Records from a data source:
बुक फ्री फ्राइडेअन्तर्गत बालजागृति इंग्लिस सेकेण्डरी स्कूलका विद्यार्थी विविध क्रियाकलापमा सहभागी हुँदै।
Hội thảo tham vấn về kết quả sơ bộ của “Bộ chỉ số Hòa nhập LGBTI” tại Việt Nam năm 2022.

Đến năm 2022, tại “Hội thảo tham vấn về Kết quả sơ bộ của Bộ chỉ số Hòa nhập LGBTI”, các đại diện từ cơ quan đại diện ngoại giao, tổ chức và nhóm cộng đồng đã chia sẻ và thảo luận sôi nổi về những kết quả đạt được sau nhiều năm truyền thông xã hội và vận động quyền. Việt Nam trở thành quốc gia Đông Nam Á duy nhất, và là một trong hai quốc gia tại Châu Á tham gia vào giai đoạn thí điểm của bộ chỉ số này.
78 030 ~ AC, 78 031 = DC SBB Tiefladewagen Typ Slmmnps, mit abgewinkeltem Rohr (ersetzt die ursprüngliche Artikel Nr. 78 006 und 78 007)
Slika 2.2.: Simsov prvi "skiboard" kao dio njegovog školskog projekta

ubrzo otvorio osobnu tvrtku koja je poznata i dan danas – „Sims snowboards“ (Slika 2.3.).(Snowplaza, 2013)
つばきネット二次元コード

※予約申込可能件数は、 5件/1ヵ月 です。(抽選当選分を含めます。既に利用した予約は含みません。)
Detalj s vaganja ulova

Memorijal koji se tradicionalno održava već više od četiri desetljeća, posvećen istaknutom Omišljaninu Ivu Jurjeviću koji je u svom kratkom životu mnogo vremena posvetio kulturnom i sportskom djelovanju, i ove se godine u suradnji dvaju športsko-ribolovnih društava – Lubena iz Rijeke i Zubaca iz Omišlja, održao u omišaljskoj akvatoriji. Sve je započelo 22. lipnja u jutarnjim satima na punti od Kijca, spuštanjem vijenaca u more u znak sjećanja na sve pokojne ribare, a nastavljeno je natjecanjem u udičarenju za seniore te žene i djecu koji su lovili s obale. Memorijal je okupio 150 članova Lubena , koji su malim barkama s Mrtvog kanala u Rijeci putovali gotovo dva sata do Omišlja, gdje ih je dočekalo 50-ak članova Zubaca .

TASK DESCRIPTION.
Search the data above for the string "Slika" and report each line that holds it.

RESULT FOR THIS TASK.
Slika 2.2.: Simsov prvi "skiboard" kao dio njegovog školskog projekta
ubrzo otvorio osobnu tvrtku koja je poznata i dan danas – „Sims snowboards“ (Slika 2.3.).(Snowplaza, 2013)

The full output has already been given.